Exercise requirements:
Give back exactly the stretch of data below from the line holding "单看外观与普通喝水用的随行杯" through the line holding "Купить 3D коврики", both ends included, and leave the remaining lines out.

Provided information:
'''
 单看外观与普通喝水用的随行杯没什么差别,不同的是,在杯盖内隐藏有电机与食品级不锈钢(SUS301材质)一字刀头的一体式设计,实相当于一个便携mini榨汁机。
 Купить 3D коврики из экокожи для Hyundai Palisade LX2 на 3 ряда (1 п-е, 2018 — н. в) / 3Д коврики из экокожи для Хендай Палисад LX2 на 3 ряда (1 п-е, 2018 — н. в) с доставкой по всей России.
'''
'''
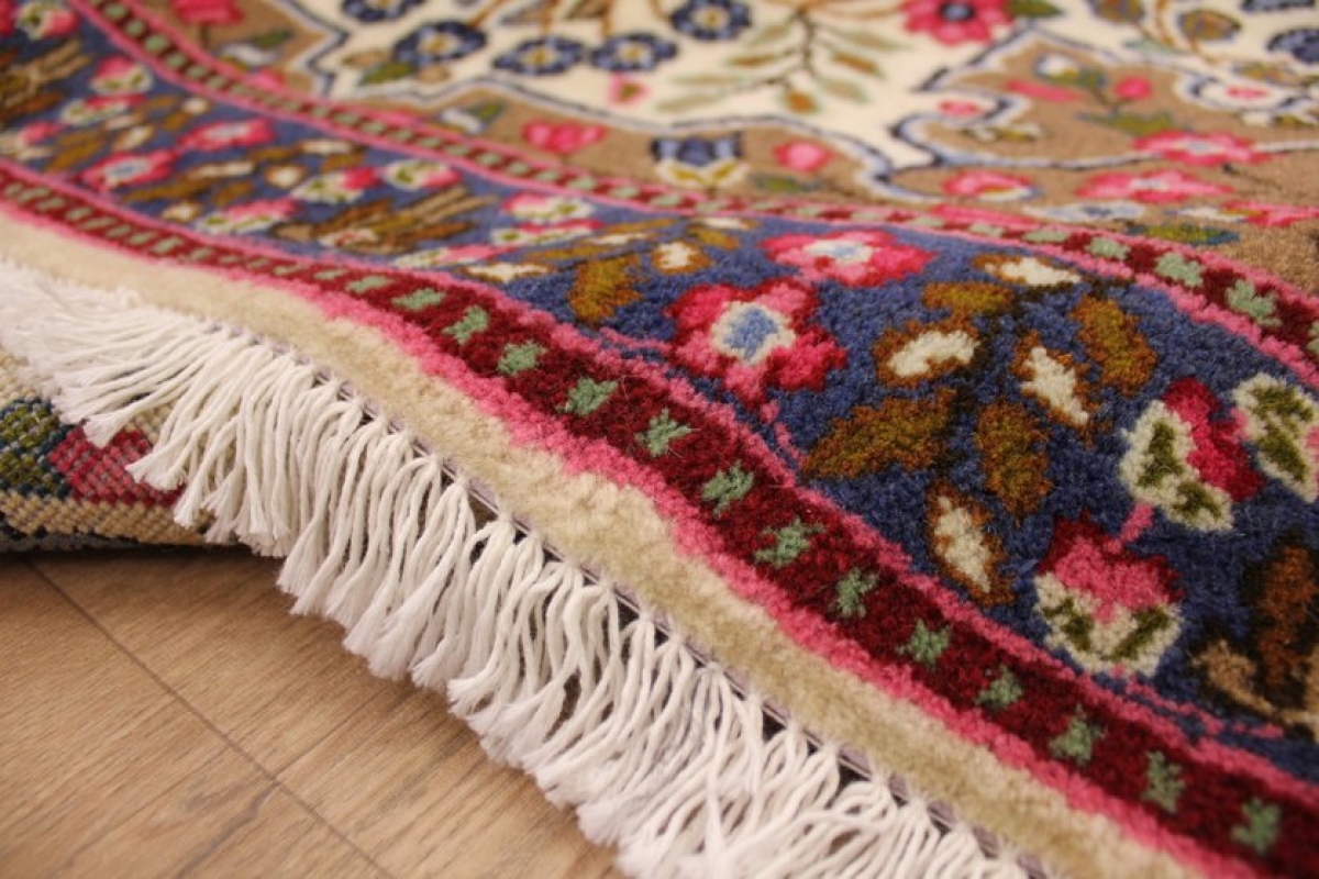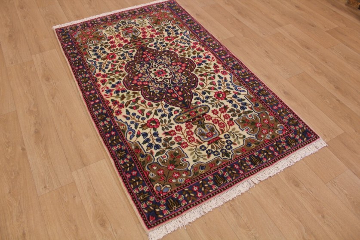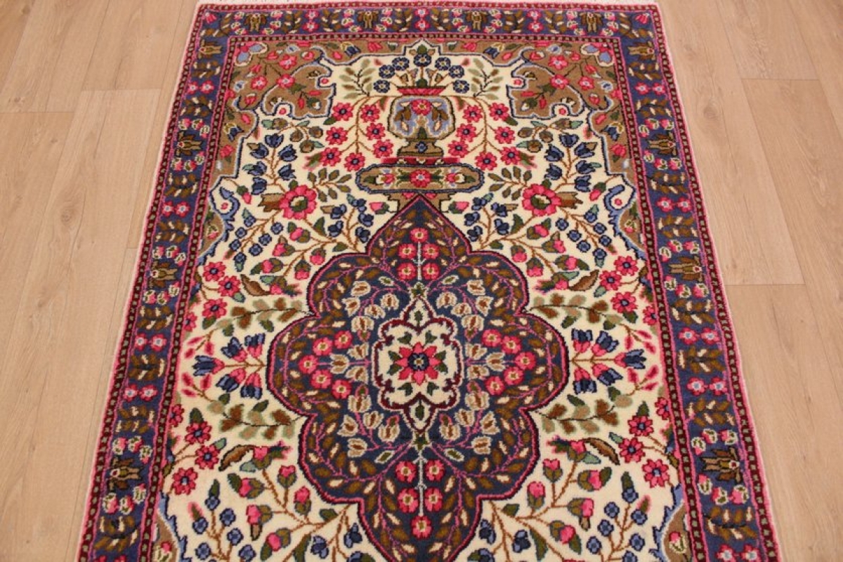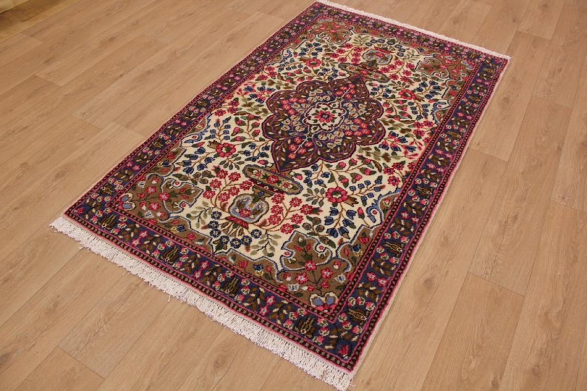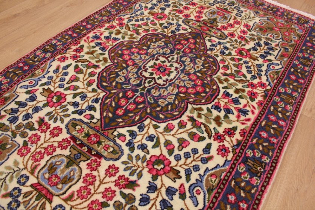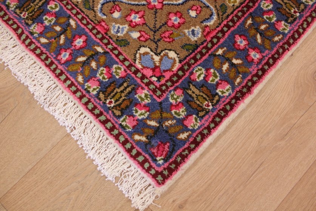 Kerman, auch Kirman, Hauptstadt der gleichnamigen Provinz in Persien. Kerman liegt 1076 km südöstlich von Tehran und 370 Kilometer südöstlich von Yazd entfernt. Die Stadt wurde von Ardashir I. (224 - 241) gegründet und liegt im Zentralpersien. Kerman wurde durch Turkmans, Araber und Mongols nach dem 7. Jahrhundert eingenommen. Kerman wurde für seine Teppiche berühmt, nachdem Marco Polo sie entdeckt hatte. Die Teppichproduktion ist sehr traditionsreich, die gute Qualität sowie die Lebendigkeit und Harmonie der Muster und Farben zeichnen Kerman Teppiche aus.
'''
'''
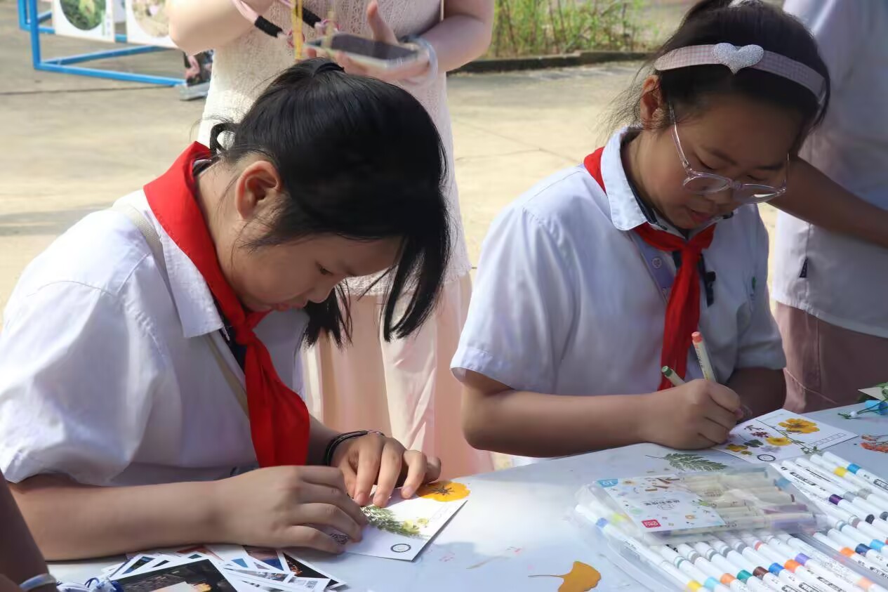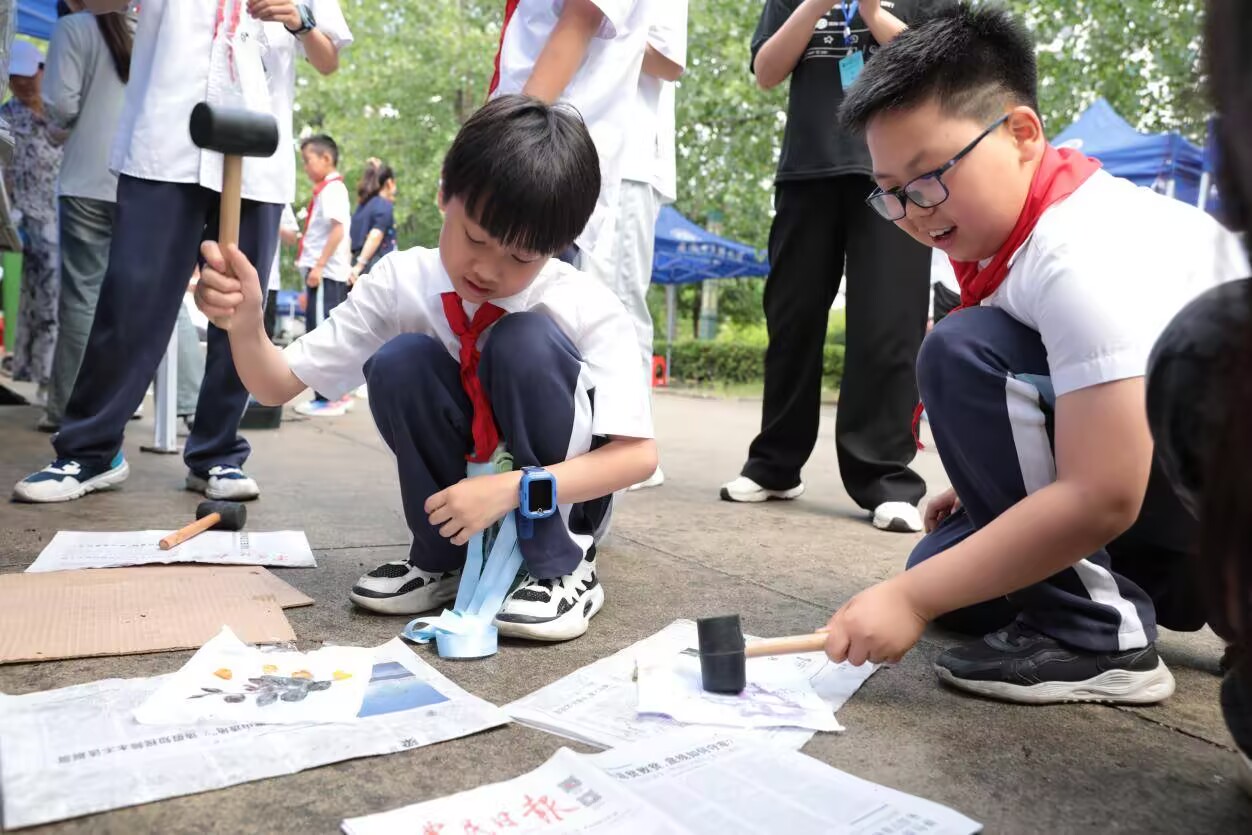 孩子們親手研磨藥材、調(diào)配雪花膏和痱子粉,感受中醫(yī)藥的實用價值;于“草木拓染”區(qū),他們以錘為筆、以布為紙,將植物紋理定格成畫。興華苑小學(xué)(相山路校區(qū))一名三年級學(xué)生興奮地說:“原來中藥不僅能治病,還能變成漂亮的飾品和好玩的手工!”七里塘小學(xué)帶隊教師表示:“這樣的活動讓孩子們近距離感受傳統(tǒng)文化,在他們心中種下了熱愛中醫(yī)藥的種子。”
'''
Expected output:
 单看外观与普通喝水用的随行杯没什么差别,不同的是,在杯盖内隐藏有电机与食品级不锈钢(SUS301材质)一字刀头的一体式设计,实相当于一个便携mini榨汁机。
 Купить 3D коврики из экокожи для Hyundai Palisade LX2 на 3 ряда (1 п-е, 2018 — н. в) / 3Д коврики из экокожи для Хендай Палисад LX2 на 3 ряда (1 п-е, 2018 — н. в) с доставкой по всей России.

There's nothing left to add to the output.